++++ Provided entries ++++

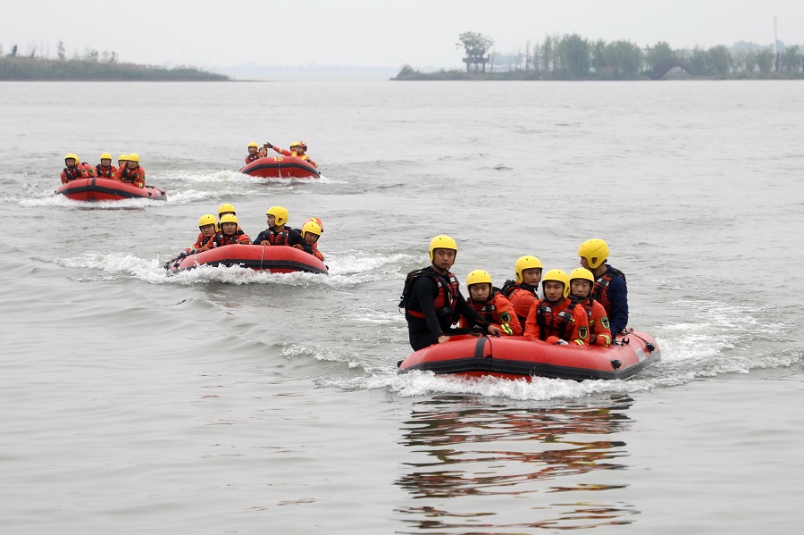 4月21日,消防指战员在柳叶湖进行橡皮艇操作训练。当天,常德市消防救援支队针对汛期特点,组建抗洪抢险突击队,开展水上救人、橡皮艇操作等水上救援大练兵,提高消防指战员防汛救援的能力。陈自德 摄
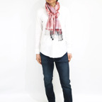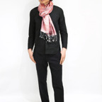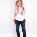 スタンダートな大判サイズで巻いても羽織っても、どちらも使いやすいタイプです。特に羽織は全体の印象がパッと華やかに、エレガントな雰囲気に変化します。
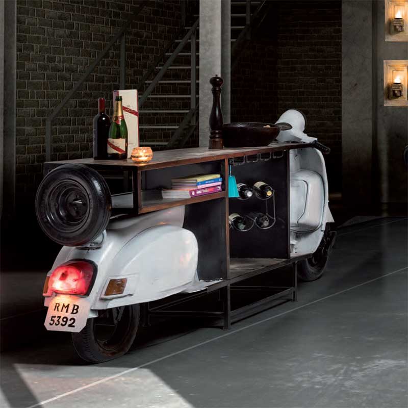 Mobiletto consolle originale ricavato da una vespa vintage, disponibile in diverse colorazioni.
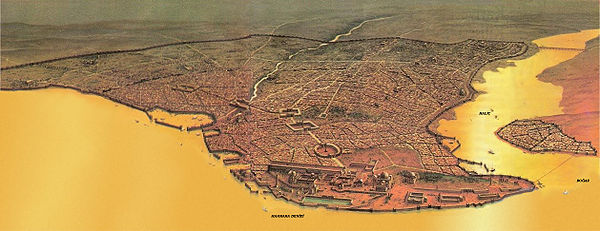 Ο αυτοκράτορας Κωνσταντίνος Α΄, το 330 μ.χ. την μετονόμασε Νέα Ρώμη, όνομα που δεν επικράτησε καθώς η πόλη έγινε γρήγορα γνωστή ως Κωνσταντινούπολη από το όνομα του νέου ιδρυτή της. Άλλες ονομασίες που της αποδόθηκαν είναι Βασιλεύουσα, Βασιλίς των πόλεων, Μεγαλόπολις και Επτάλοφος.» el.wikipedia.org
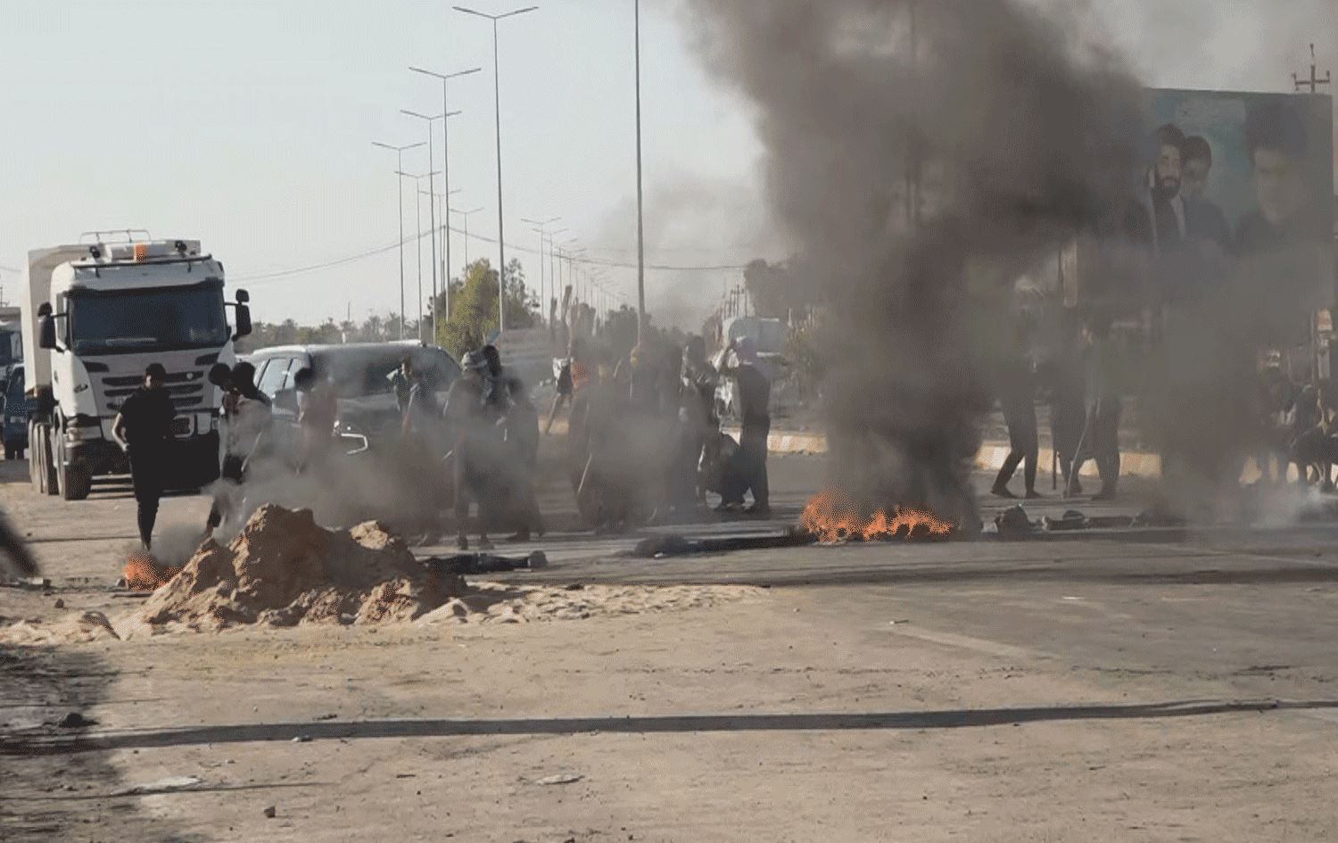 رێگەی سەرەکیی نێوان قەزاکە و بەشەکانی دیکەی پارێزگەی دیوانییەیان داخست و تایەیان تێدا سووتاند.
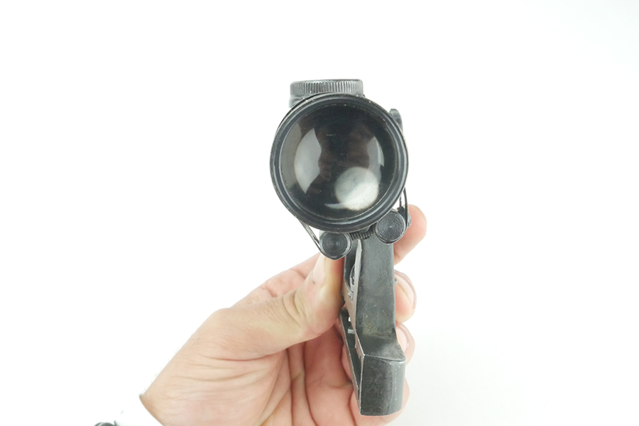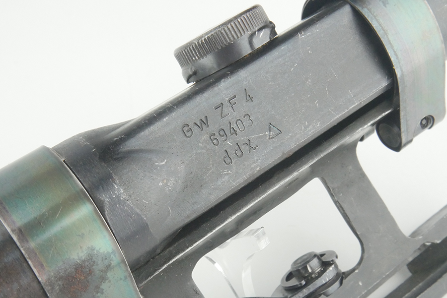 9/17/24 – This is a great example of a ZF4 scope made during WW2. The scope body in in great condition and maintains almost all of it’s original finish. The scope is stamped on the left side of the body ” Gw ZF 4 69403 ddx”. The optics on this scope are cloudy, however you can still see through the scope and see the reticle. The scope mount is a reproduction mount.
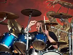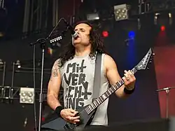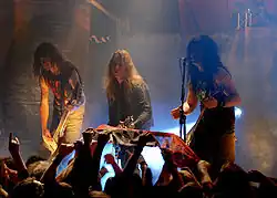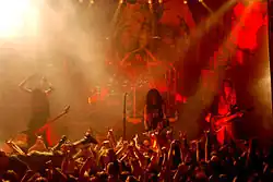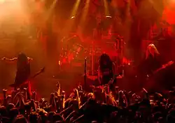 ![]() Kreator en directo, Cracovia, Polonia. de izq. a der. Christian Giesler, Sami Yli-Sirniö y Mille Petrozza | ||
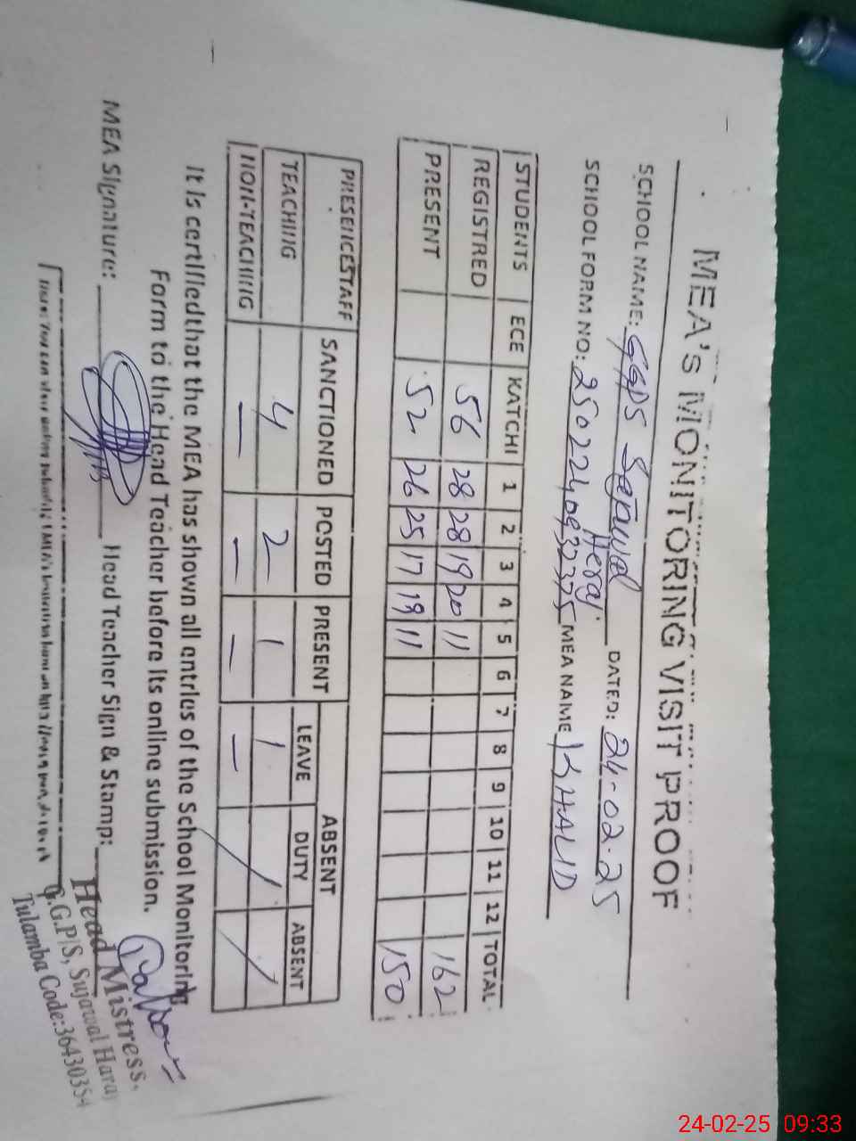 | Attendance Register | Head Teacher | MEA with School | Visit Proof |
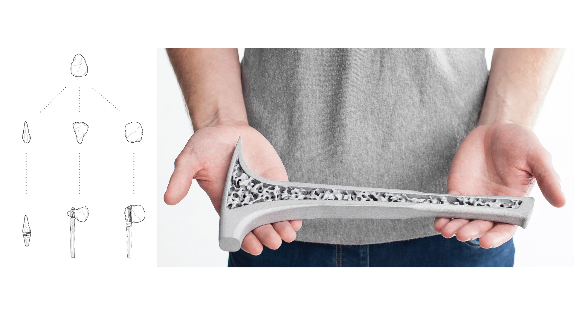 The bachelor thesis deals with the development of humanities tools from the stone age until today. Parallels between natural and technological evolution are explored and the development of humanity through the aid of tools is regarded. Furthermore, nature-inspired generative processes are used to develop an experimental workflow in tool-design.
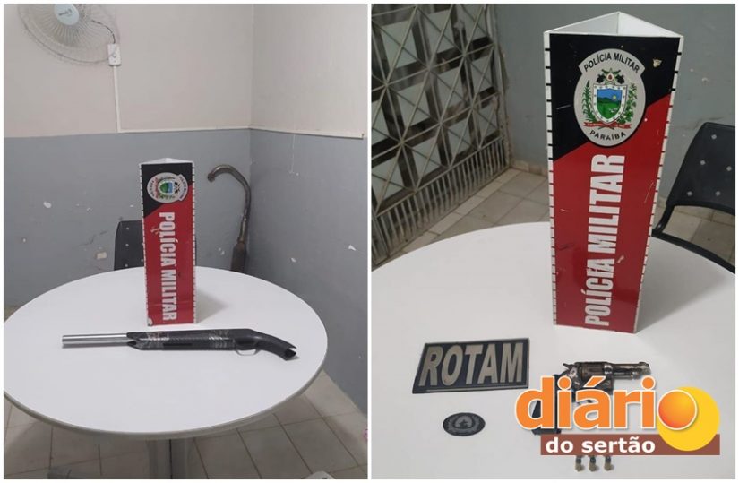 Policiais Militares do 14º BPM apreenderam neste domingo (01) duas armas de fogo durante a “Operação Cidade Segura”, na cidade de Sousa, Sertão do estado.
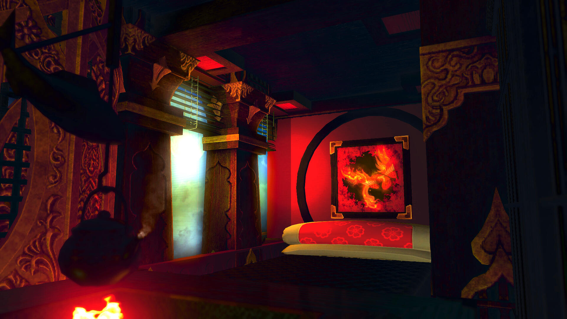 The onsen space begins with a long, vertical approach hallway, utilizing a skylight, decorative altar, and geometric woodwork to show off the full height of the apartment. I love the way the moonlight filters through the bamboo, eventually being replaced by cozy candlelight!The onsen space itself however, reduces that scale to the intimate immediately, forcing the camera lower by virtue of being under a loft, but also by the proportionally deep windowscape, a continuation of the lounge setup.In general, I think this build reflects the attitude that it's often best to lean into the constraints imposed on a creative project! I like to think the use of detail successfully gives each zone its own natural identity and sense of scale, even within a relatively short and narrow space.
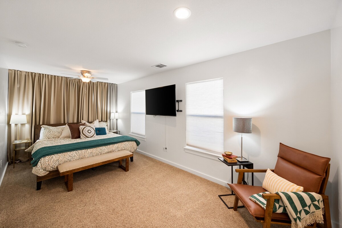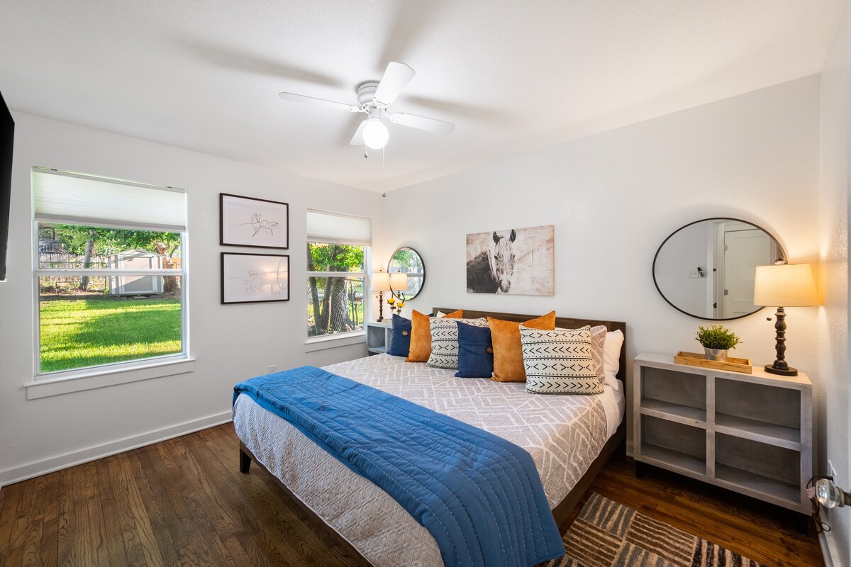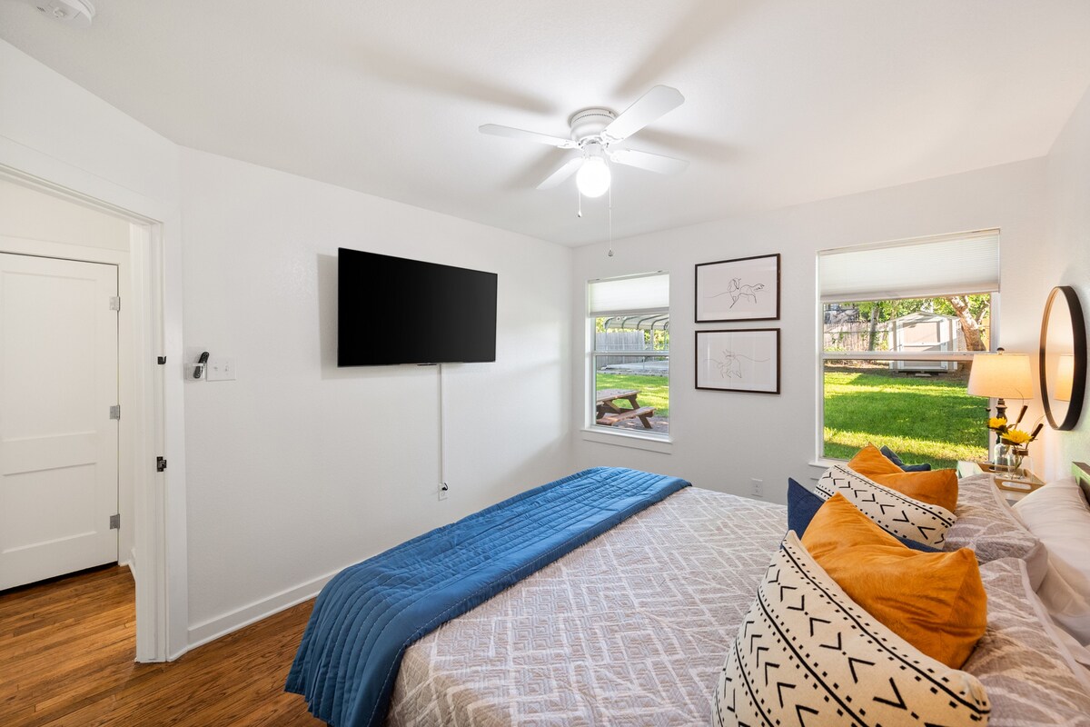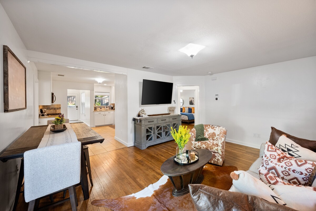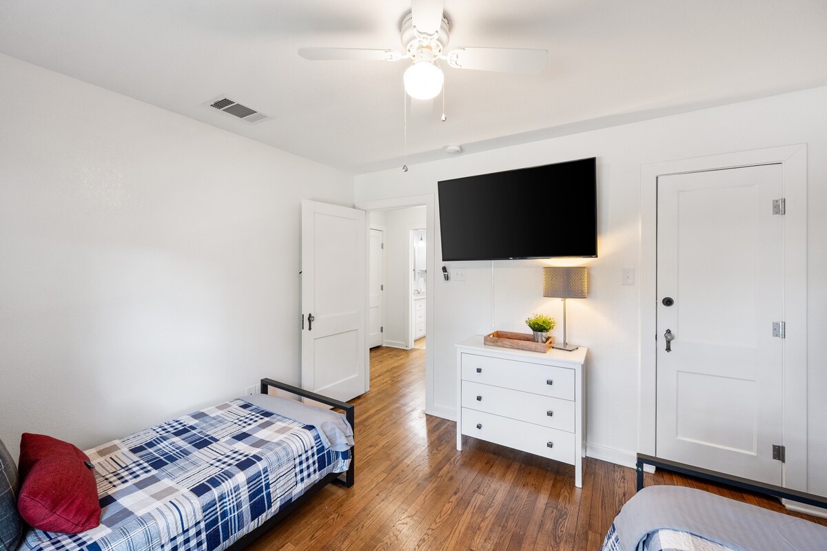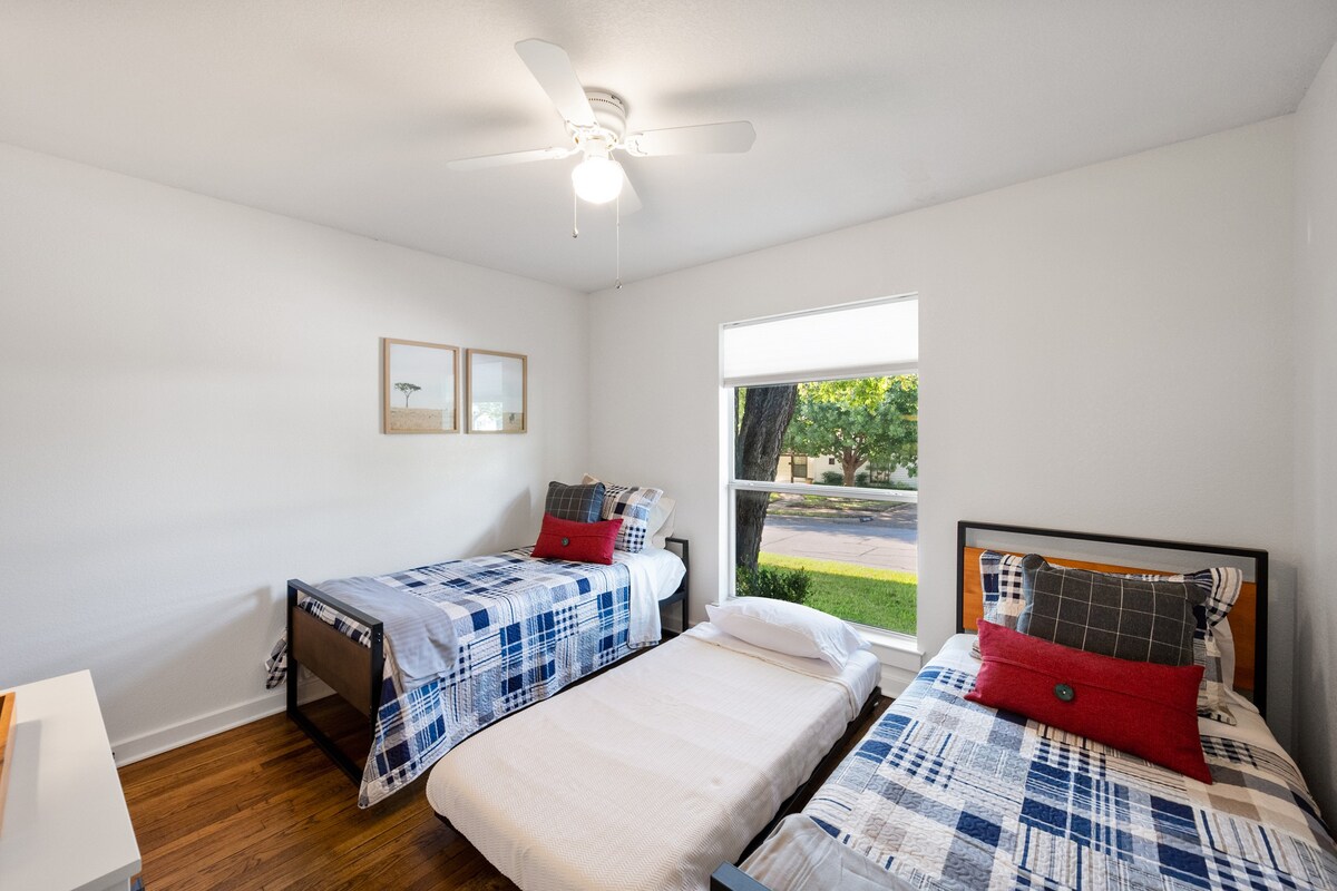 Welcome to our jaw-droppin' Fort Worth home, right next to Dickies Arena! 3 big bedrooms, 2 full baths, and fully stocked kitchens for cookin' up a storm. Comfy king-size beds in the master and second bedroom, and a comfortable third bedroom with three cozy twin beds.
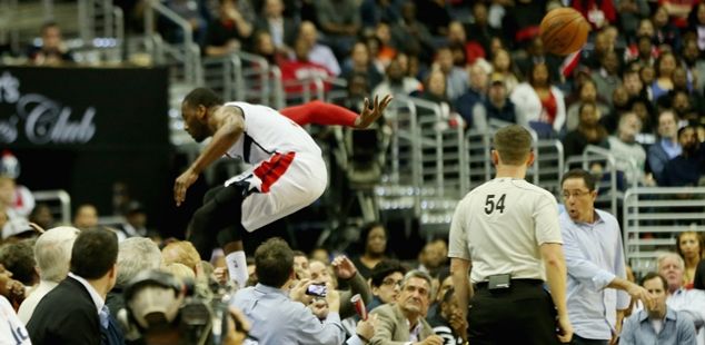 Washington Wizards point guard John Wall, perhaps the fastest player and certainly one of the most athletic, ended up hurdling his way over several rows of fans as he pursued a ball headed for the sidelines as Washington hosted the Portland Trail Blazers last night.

++++

Output should consist of the lines above from the one with "9/17/24 – This" down to the one with "Policiais Militares do", exact and without pictures.

 9/17/24 – This is a great example of a ZF4 scope made during WW2. The scope body in in great condition and maintains almost all of it’s original finish. The scope is stamped on the left side of the body ” Gw ZF 4 69403 ddx”. The optics on this scope are cloudy, however you can still see through the scope and see the reticle. The scope mount is a reproduction mount.
 ![]() Kreator en directo, Cracovia, Polonia. de izq. a der. Christian Giesler, Sami Yli-Sirniö y Mille Petrozza | ||
 | Attendance Register | Head Teacher | MEA with School | Visit Proof |
 The bachelor thesis deals with the development of humanities tools from the stone age until today. Parallels between natural and technological evolution are explored and the development of humanity through the aid of tools is regarded. Furthermore, nature-inspired generative processes are used to develop an experimental workflow in tool-design.
 Policiais Militares do 14º BPM apreenderam neste domingo (01) duas armas de fogo durante a “Operação Cidade Segura”, na cidade de Sousa, Sertão do estado.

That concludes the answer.